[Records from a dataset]
▽

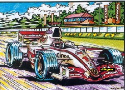 Samtbild "Rennauto", Format ca. 40 x 28 cm
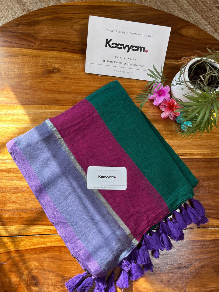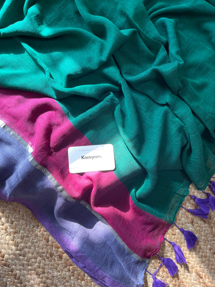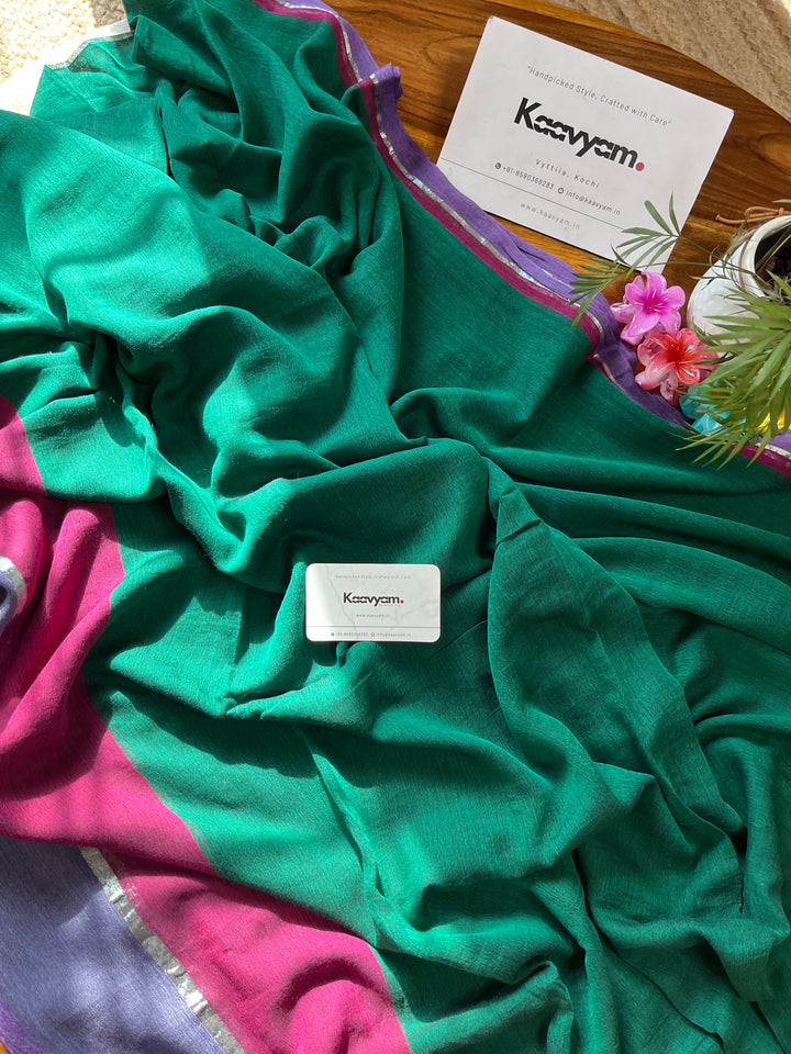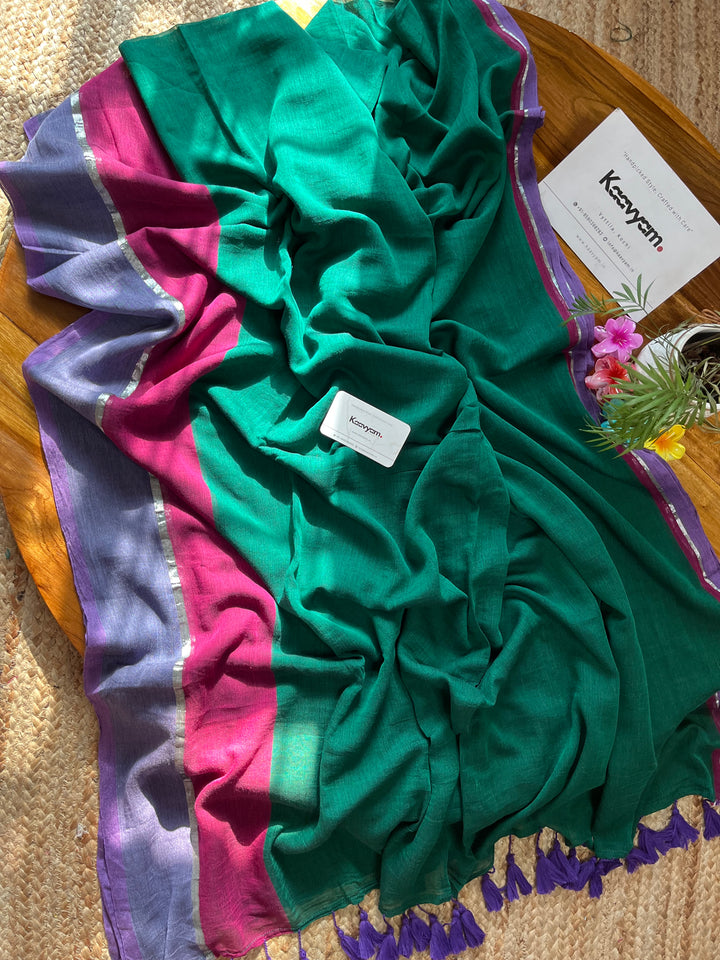 Plain mul cotton saree saree with double color broad border and silver zari string border all over the saree ended with handmade tassels on pallu.
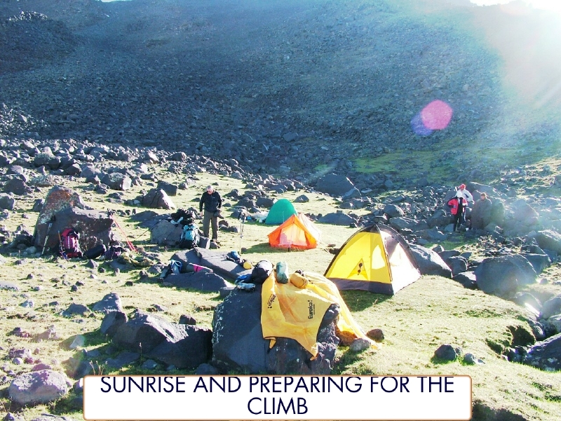 Arrival at Camp 2, 11,500 feet-S-SW face of Ararat. By John McIntosh.
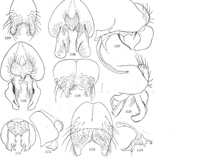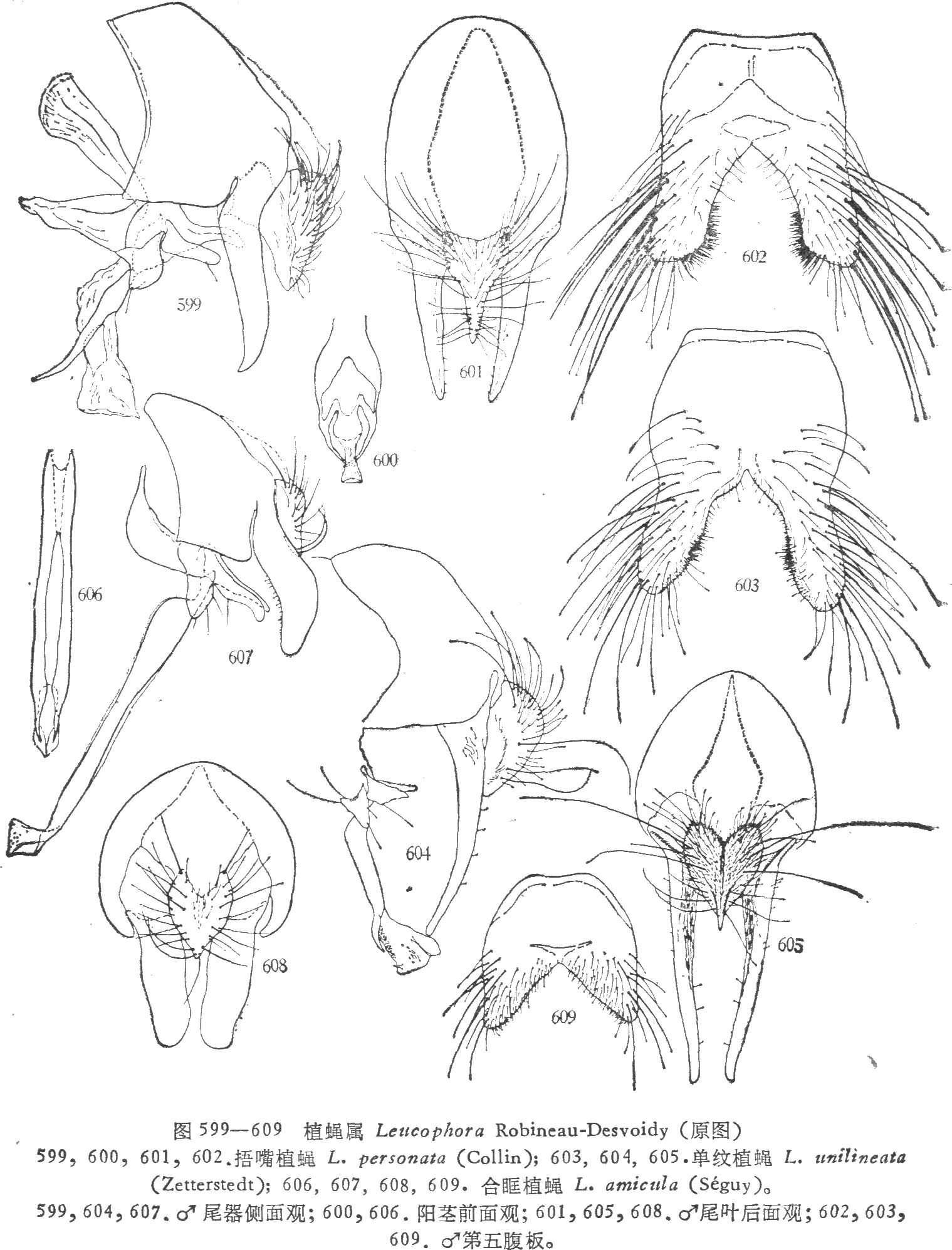 形态特征 ♂ 体长5.5毫米。外顶鬃明显,额宽或多或少等于前单眼宽;间额黑,消失或为一侧额的宽,下眶鬃6—8;侧颜粉被银灰,等于触角第三节宽;颊高为侧颜宽的一倍半;上倾口缘鬃2行;触角黑,第三节为第二节的2倍长,芒具毳毛,芒基粗。下颚须黑,末端扁,...
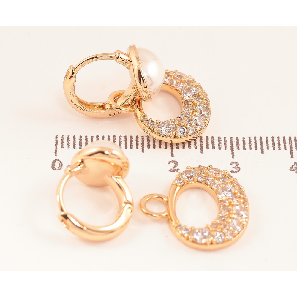 Сережки Xuping колір Позолота 18К підвіски на колечках "Візерунок з кристалами і перлинами" 2 в 1

△

_PROMPT_
The result should be every line of the data, reproduced exactly, with the images removed.

_SOLUTION BELOW_
 Samtbild "Rennauto", Format ca. 40 x 28 cm
 Plain mul cotton saree saree with double color broad border and silver zari string border all over the saree ended with handmade tassels on pallu.
 Arrival at Camp 2, 11,500 feet-S-SW face of Ararat. By John McIntosh.
 形态特征 ♂ 体长5.5毫米。外顶鬃明显,额宽或多或少等于前单眼宽;间额黑,消失或为一侧额的宽,下眶鬃6—8;侧颜粉被银灰,等于触角第三节宽;颊高为侧颜宽的一倍半;上倾口缘鬃2行;触角黑,第三节为第二节的2倍长,芒具毳毛,芒基粗。下颚须黑,末端扁,...
 Сережки Xuping колір Позолота 18К підвіски на колечках "Візерунок з кристалами і перлинами" 2 в 1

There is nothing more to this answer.